(EXERCISE DIRECTIONS): Set the pictures aside and write down, exactly as they appear, the lines from the one containing "They selected a" through the end of the material.

** Opening SOURCE MATERIAL block **

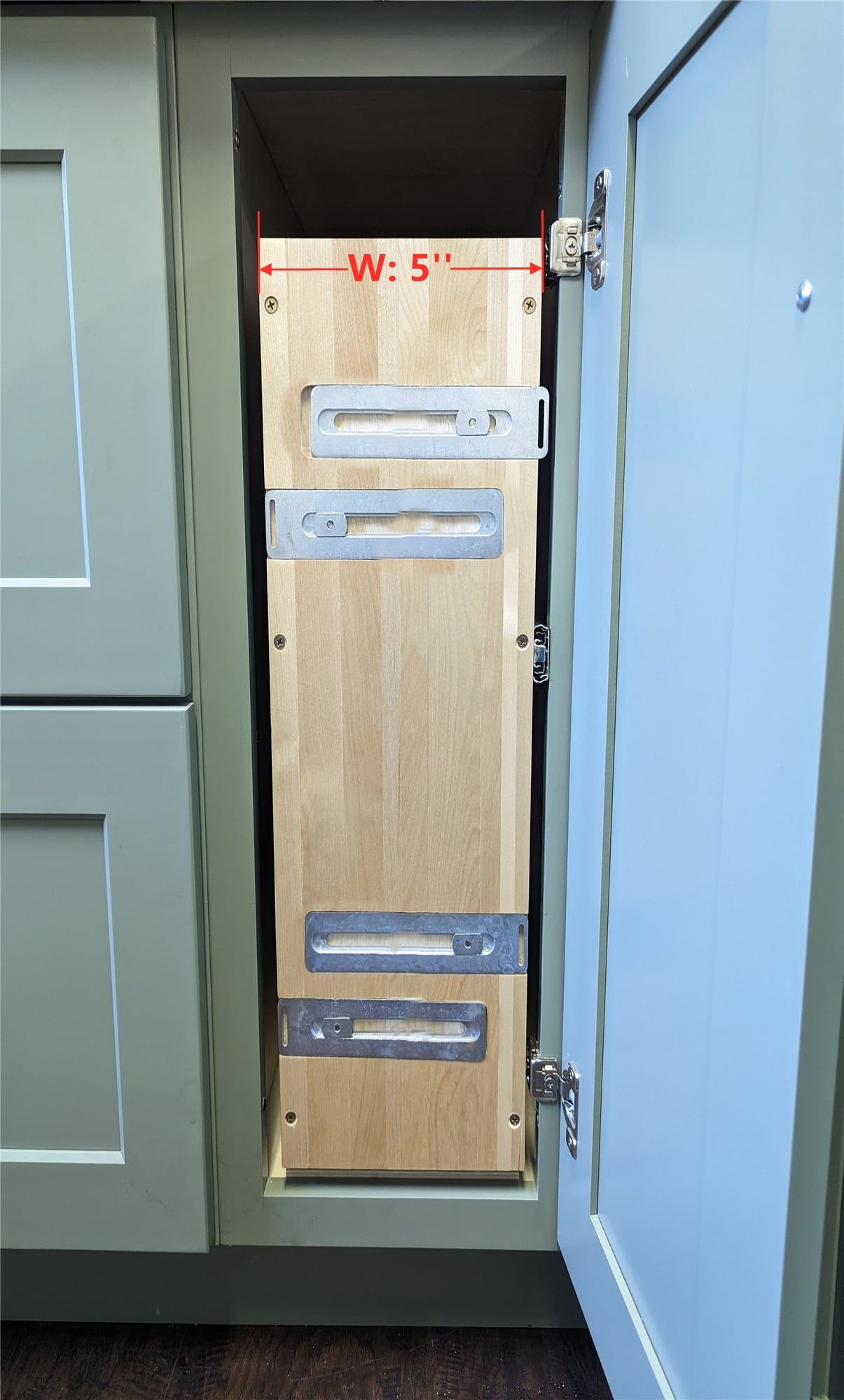 - 1. Dimensions & Installation Space:Fits base cabinets without drawers. Drawer width: 5″. Cabinet opening must be at least 5.5″ wide, 24.5″ high, and 21.5″ deep.
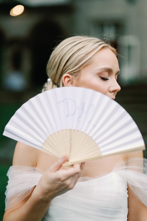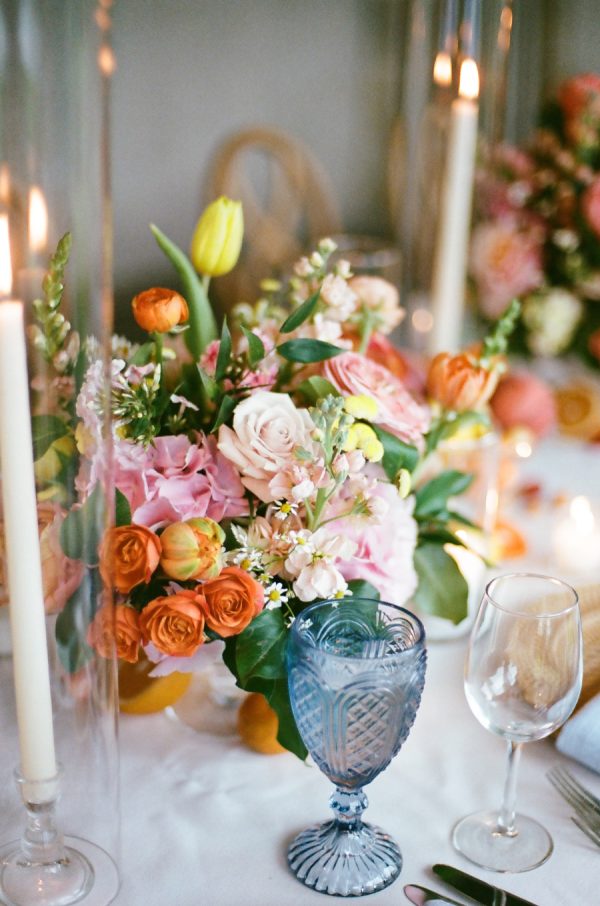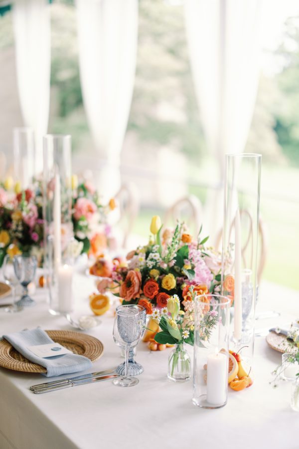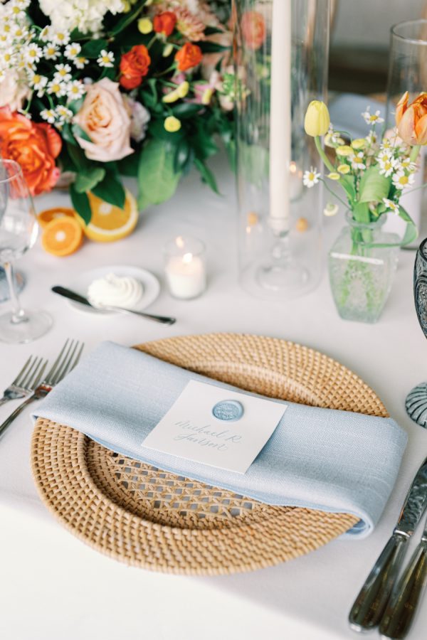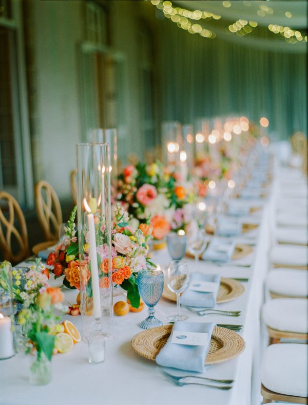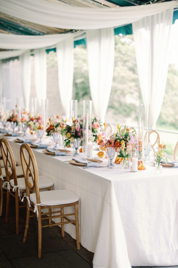 They selected a joyfully bright color palette as a celebration of the start of their married life, as well as the fifteen years they’ve spent together. The florals expressed this with a soft citrus story of pinks, corals, and yellows. The outdoor garden ceremony was adorned with fresh bouquets in stone planters at the altar. At each guest’s seat rested a hand-painted white fan with the couple’s initials and wedding date. Embracing the French Chateau style, the reception included colorful glassware, toile-printed details, calligraphy, and fresh fruit surrounding the centerpieces.
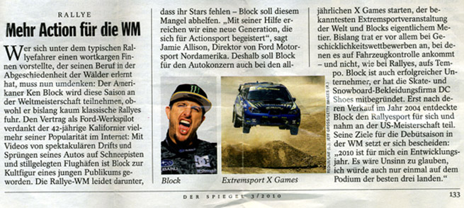 Im Spiegel von letzter Woche findet sich dieser News-Fetzen über fehlende Stars in der Rallye-Szene und deren vermeintlichen Retter: DC-Mitgründer Ken Block. Warum sich die Organisatoren der Rallye-WM so auf den Heilsbringer freuen, verrät u.a. dieser Clip. Parallelen zu DC´s bestem Pferd im Stall sind wohl rein zufällig…

** Closing SOURCE MATERIAL block **

(RESPONSE AREA):
 They selected a joyfully bright color palette as a celebration of the start of their married life, as well as the fifteen years they’ve spent together. The florals expressed this with a soft citrus story of pinks, corals, and yellows. The outdoor garden ceremony was adorned with fresh bouquets in stone planters at the altar. At each guest’s seat rested a hand-painted white fan with the couple’s initials and wedding date. Embracing the French Chateau style, the reception included colorful glassware, toile-printed details, calligraphy, and fresh fruit surrounding the centerpieces.
 Im Spiegel von letzter Woche findet sich dieser News-Fetzen über fehlende Stars in der Rallye-Szene und deren vermeintlichen Retter: DC-Mitgründer Ken Block. Warum sich die Organisatoren der Rallye-WM so auf den Heilsbringer freuen, verrät u.a. dieser Clip. Parallelen zu DC´s bestem Pferd im Stall sind wohl rein zufällig…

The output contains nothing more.